● **Work to be completed**
When you reach the line that holds "Add a touch", start copying exactly and keep going through the final line of the data, leaving out pictures.

*** Given data Section Begins ***

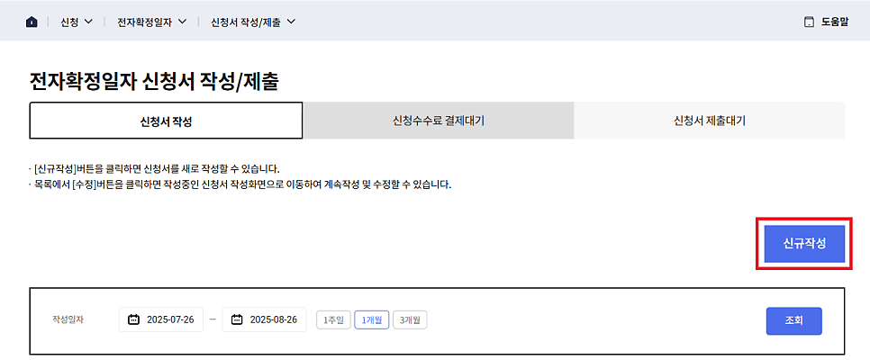 • 마이페이지에서 확정일자 증명서 PDF 다운로드
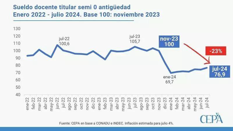 El salario docente sufrió una fuerte caída, que supera el promedio de casi todas las retracciones del resto de las versiones de salarios. Entre noviembre 23 y mayo 24, es decir bajo la gestión de Milei, el salario docente registra uno de los peores números de retroceso:
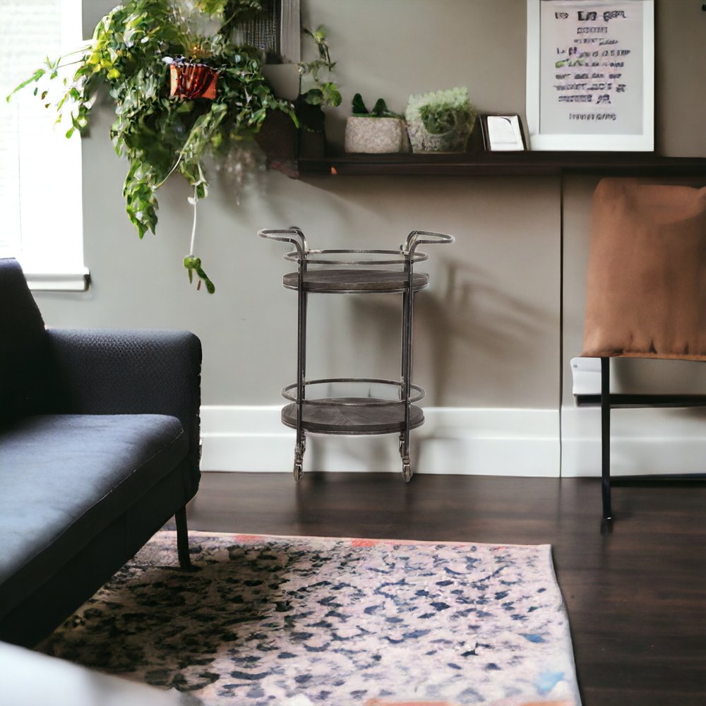 Add a touch of modern rustic and functionality to your home with this dark gray iron and solid wood round rolling bar cart. The bar cart frame is made from durable iron, ensuring stability and longevity. The solid wood top adds a natural and elegant touch to the overall design. With its round shape, this bar cart stands out as a stylish centerpiece. A versatile piece for any space. The rustic dark gray color adds a subtle and modern touch to your home. Enhance your entertaining experience and bring convenience to your home with this charming bar cart. 29-inch H x 22-inch W x 17-inch D
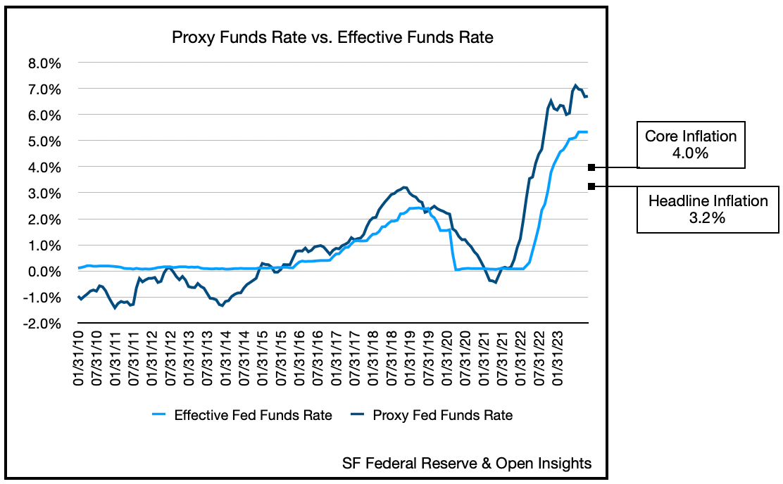 Overnight rates (i.e., the fed funds rate) though are running around 5.5%, but they “feel” much tighter at 6.7%.

*** Given data Section Ends ***

● **Answer section**
 Add a touch of modern rustic and functionality to your home with this dark gray iron and solid wood round rolling bar cart. The bar cart frame is made from durable iron, ensuring stability and longevity. The solid wood top adds a natural and elegant touch to the overall design. With its round shape, this bar cart stands out as a stylish centerpiece. A versatile piece for any space. The rustic dark gray color adds a subtle and modern touch to your home. Enhance your entertaining experience and bring convenience to your home with this charming bar cart. 29-inch H x 22-inch W x 17-inch D
 Overnight rates (i.e., the fed funds rate) though are running around 5.5%, but they “feel” much tighter at 6.7%.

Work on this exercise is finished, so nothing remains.